WHAT IT TAKES TO WIN
To win in Boardercross, a rider has to have it all. Racing down the course of tables, jumps, banked turns and hips is like snowboarding in a pinball machine.
The sport stands out in snow competitions, says Tom Collins, executive director of the USASA, based in Truckee, Calif.
"It's real racing. There are no clocks, no judges. The gate drops and it's you against five others," he says. "It requires speed, agility and the ability to get out of everybody's way and handle traffic."
Collins says Boardercross is more popular every year, and in 2006 will be included in the Olympic Games as snowboard cross.
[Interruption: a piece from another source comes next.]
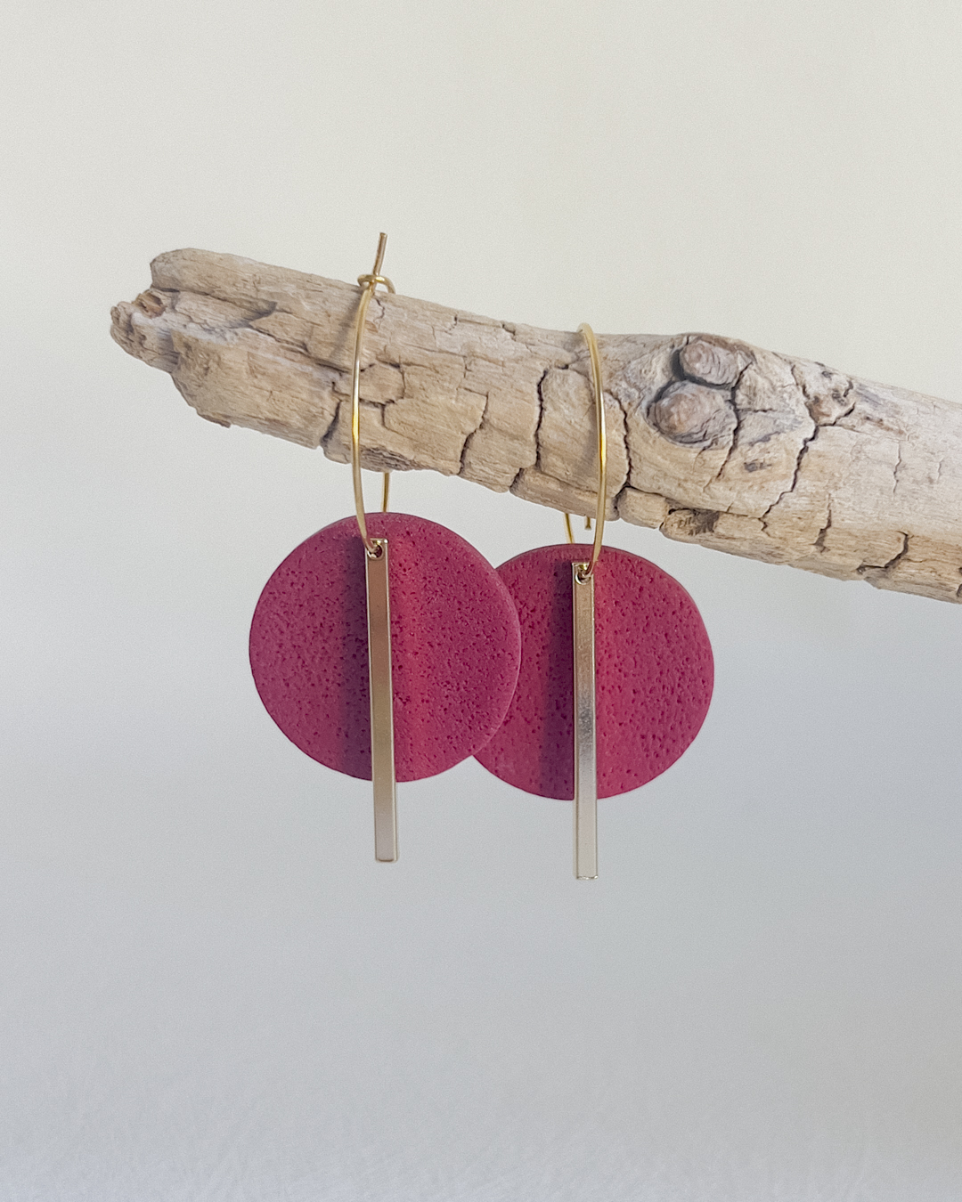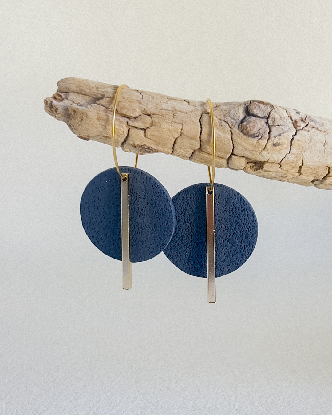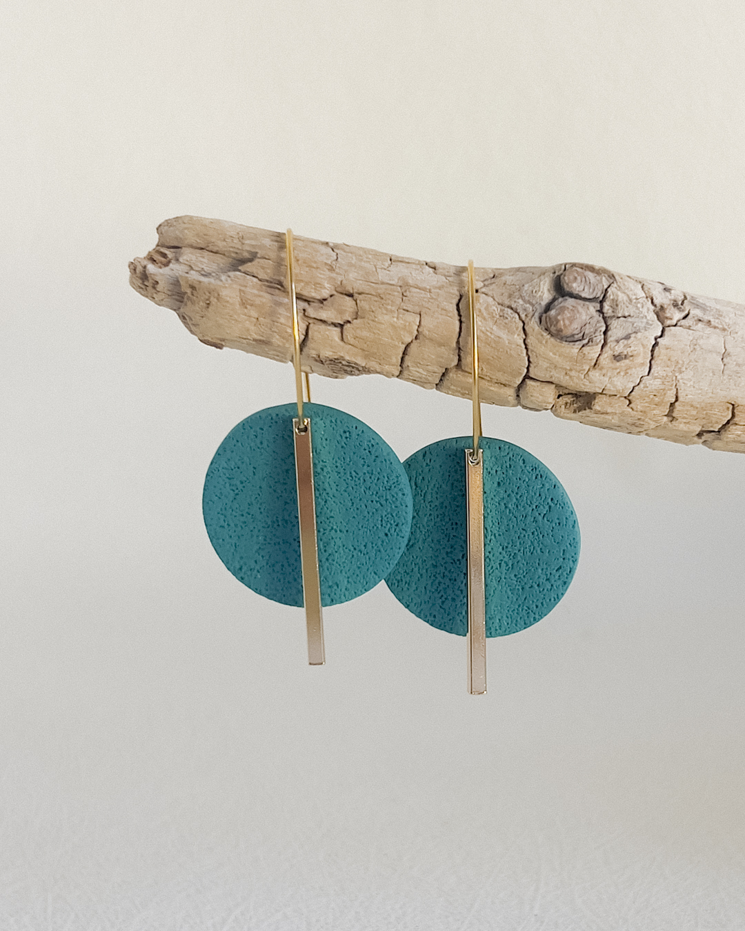 El disco de arcilla texturizada atravesada por una línea dorada vertical que representa el eje que nos centra y nos conecta. Su ligereza y geometría los convierten en una pieza versátil, capaz de acompañar tanto momentos cotidianos como instantes especiales.
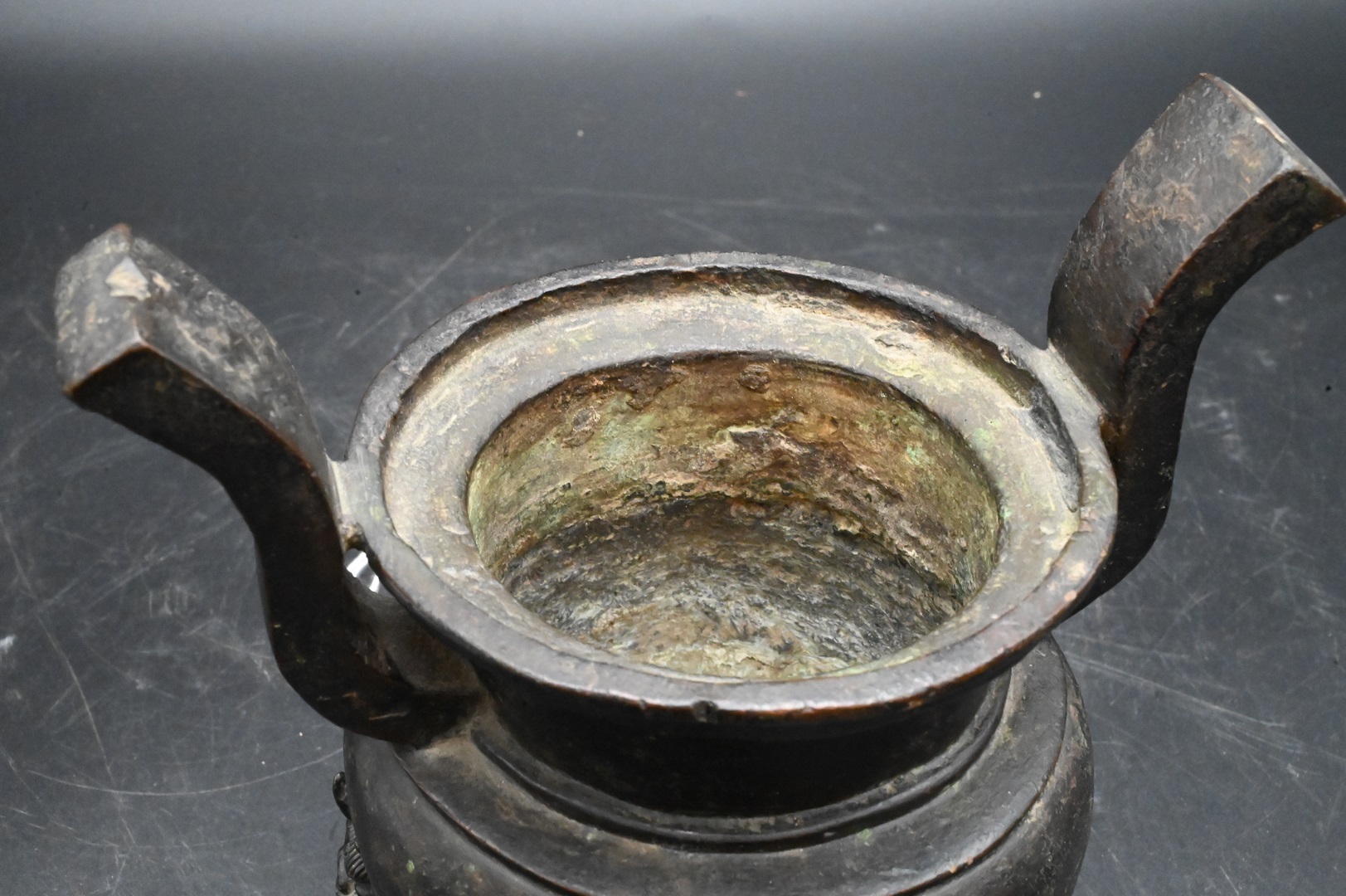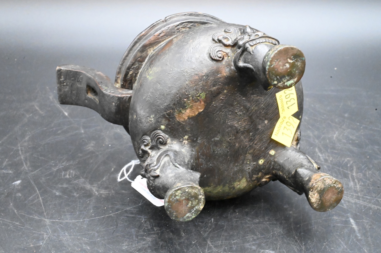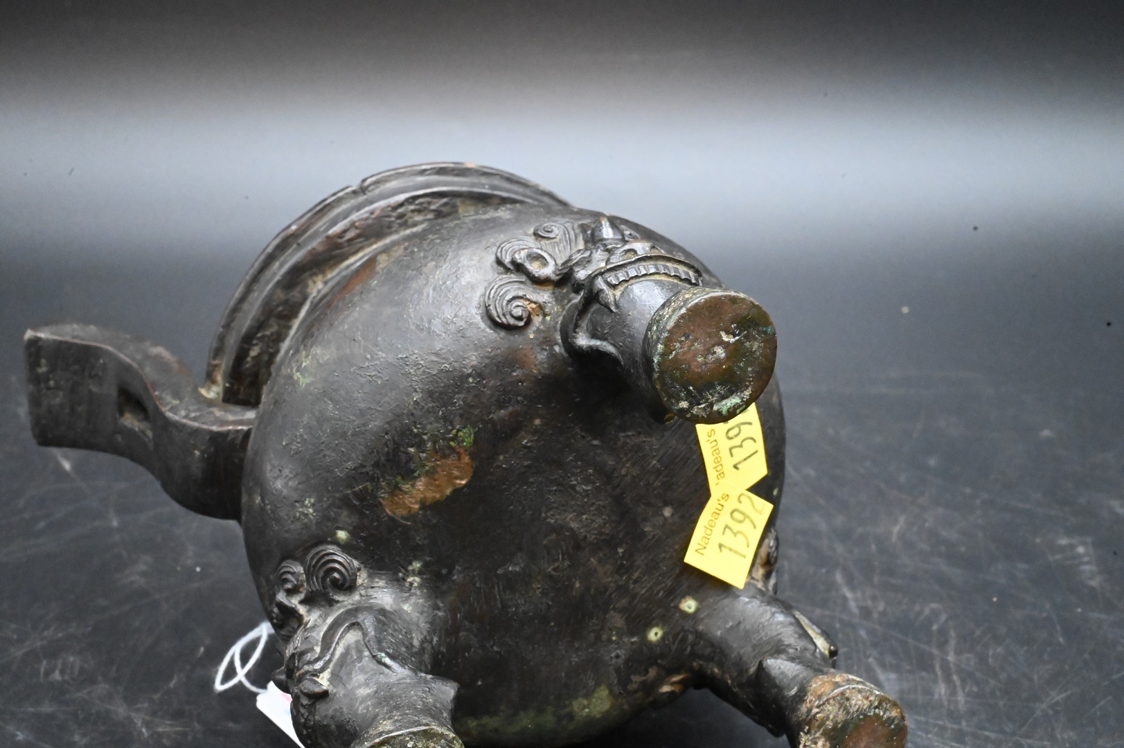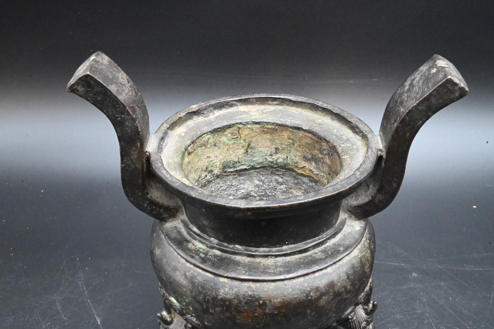 Bronze Censer in the form of a Ding, Chinese, Ming Dynasty, (14th/18th century or later), bulbous tripod body having bold flaring handles sits atop three zoomorphic _____________, height 7 inches.

To prepare for the challenge her sport presents, Baker-Haight works relentlessly on terrain park rails and jumps. She spends lots of time at Breckenridge's massive Peak 8 park and also boards at other resorts, on Loveland Pass and on the flank of Pikes Peak, launching most often from mile 15 3/4 on the highway. This season, she's trying for 85 days on the snow in Colorado, where the season lasts about 150 days, and she almost has reached that goal.
She usually heads for the mountains with her snowboarder husband, Dominic Haight, and their two dogs, a pit bull-St. Bernard mix and an Australian shepherd.
At resorts, the dogs wait patiently in the car. In backcountry areas like Loveland Pass, the dogs get to play in the snow while their owners ride.
Haight is an expert boarder, but he doesn't compete. Instead, he's working on getting his coaching credentials in the USASA. That's the next step for the couple, who want to start a snowboard team for young boarders from El Paso and Teller counties with their friend, Andy Bruce. Bruce was ranked seventh in the nation at the USASA competition at Angel Fire, and travels with Baker-Haight and her husband to contests around the Rocky Mountains.